Hinting that he would not use nuclear weapons, Russian President Vladimir Putin admitted Wednesday that the conflict in Ukraine is "long-term."

"We have not become crazy, we know what nuclear weapons are,"Putin said during a televised meeting with the Russian Council for civil society and Human Rights, which is close to the Kremlin.

Responding to a speaker, Putin said today that "new territories have appeared", and this is "an important result for Russia". "The sea of Azov has become an internal sea, and this is a serious matter," he added, referring to the sea bordering Russia and southeastern Ukraine, which is now completely controlled by Moscow

The Kremlin has long denied that its offensive against Ukraine is aimed at seizing new territories, emphasizing that it wants to defend the Russian-speaking population and end the alliance between Kiev and the West, which Russia sees as a threat to it.

The Russian president said: "We consider weapons of mass destruction, nuclear weapons, as a means of Defense. Resorting to it is based on what we call 'retaliatory response': if we are hit, we strike back,"he said. But he revealed that "the threat of a nuclear war is increasing", given the confrontation between Russia and the West over Ukraine, blaming the Americans and Europeans for this.

"Of the 300 thousand of our mobilized fighters, our men and defenders of the Fatherland, 150 thousand are in the area of operations," Putin explained, adding that 77 thousand are directly deployed in combat zones. Others are still in the process of training in Russia, and Putin vowed again on Wednesday that there would be no second wave of mobilization.

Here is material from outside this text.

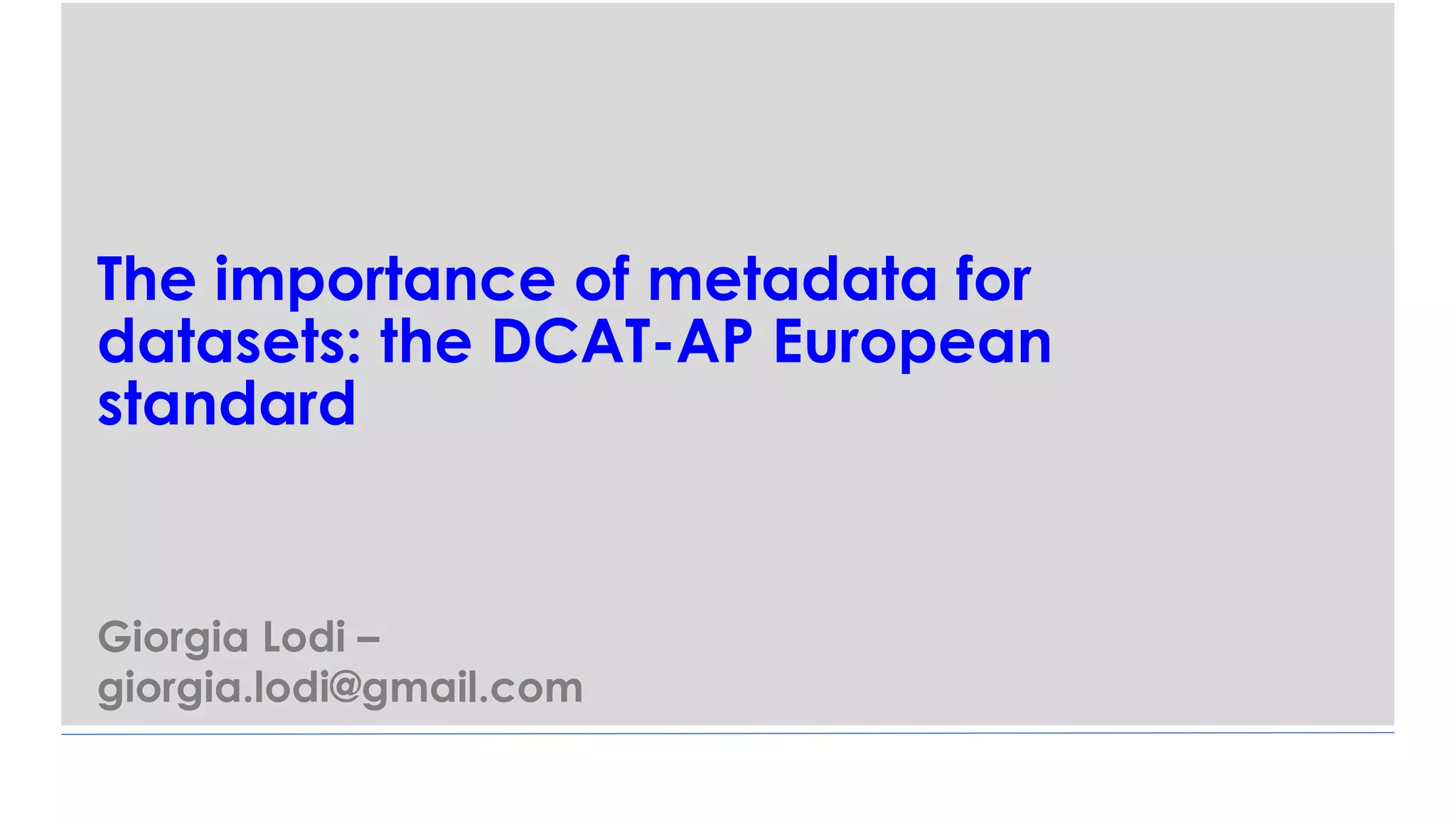 The document discusses metadata standards for datasets, including DCAT, DCAT-AP, and related standards. It provides 3 key points:

In turn, the United States accused Putin of "irresponsibility" after his statements about the dangers of resorting to nuclear weapons in the conflict in Ukraine.

US State Department spokesman Ned Price declined to respond directly to Putin, but said that "any understatement in talking about nuclear weapons is absolutely irresponsible".

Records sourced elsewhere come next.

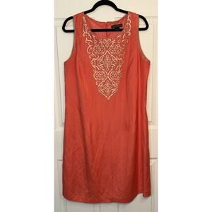Jessica Howard Womens Orange Linen Blend Dress Size 14W Golden Detail Resortwear
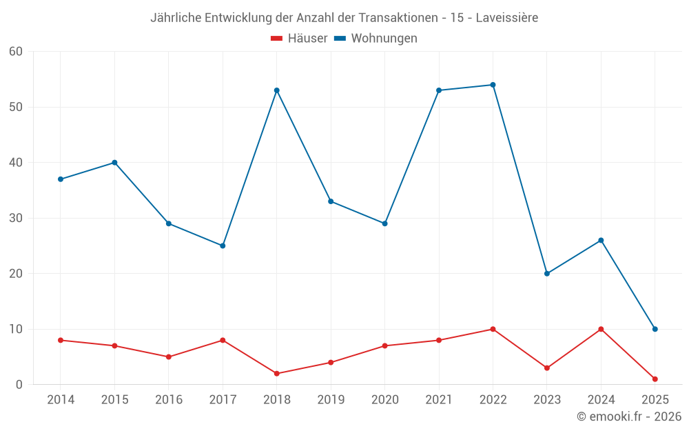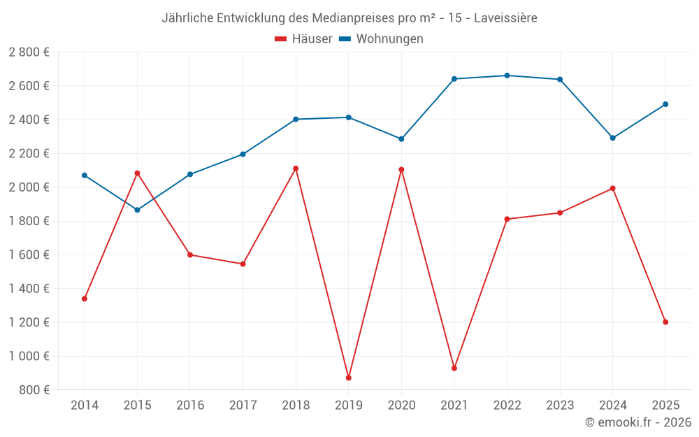 Der Durchschnittspreis auf den 27 Wohnungstransaktionen der letzten 12 Monate in der Gemeinde Laveissière betrug 2 318 € pro Quadratmeter für einen mittleren Immobilienwert von 57 790 €. Über diesen Zeitraum hinweg lagen 60% der Transaktionen zwischen 1 853 und 2 738 € pro Quadratmeter (vom 2. bis zum 8. Dezil).
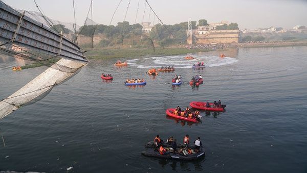 Se desplegaron equipos de policía, militares y de respuesta a desastres y el esfuerzo de rescate continúa en la ciudad de Morbi, donde elevan a 141 la cifra de muertos por la caída del puente.

Price added that nuclear powers around the world, including China, India, the United States and Russia itself, have been clear since the Cold War that "nuclear war must never be fought and can never be won".

"We believe that any other rhetoric, whether it is a nuclear threat or even raising the specter of using tactical nuclear weapons, is irresponsible,"he said. "It is dangerous and goes against the spirit of that statement, which has been at the heart of the nuclear non-proliferation regime since the Cold War," he said.

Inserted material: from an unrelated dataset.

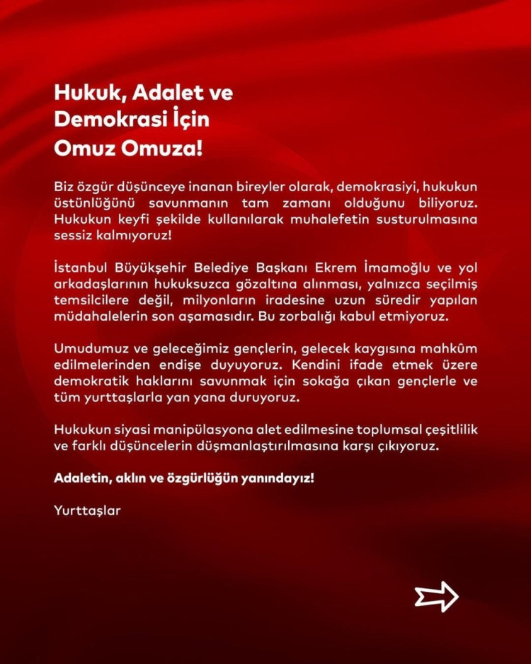 "Hukuk, adalet ve demokrasi için omuz omuza! Biz özgür düşünceye inanan bireyler olarak, demokrasiyi, hukukun üstünlüğünü savunmanın tam zamanı olduğunu biliyoruz. Hukukun keyfi şekilde kullanılarak muhalefetin susturulmasına sessiz kalmıyoruz!

Neither the United States nor Russia, the two largest nuclear powers, adopt a policy of not initiating the use of nuclear weapons.

For his part, German Chancellor Olaf Scholz said in an interview published on Thursday that the risk of Moscow resorting to nuclear weapons in its invasion of Ukraine has diminished because the international community, including China, has" drawn a red line" for Moscow regarding this threat.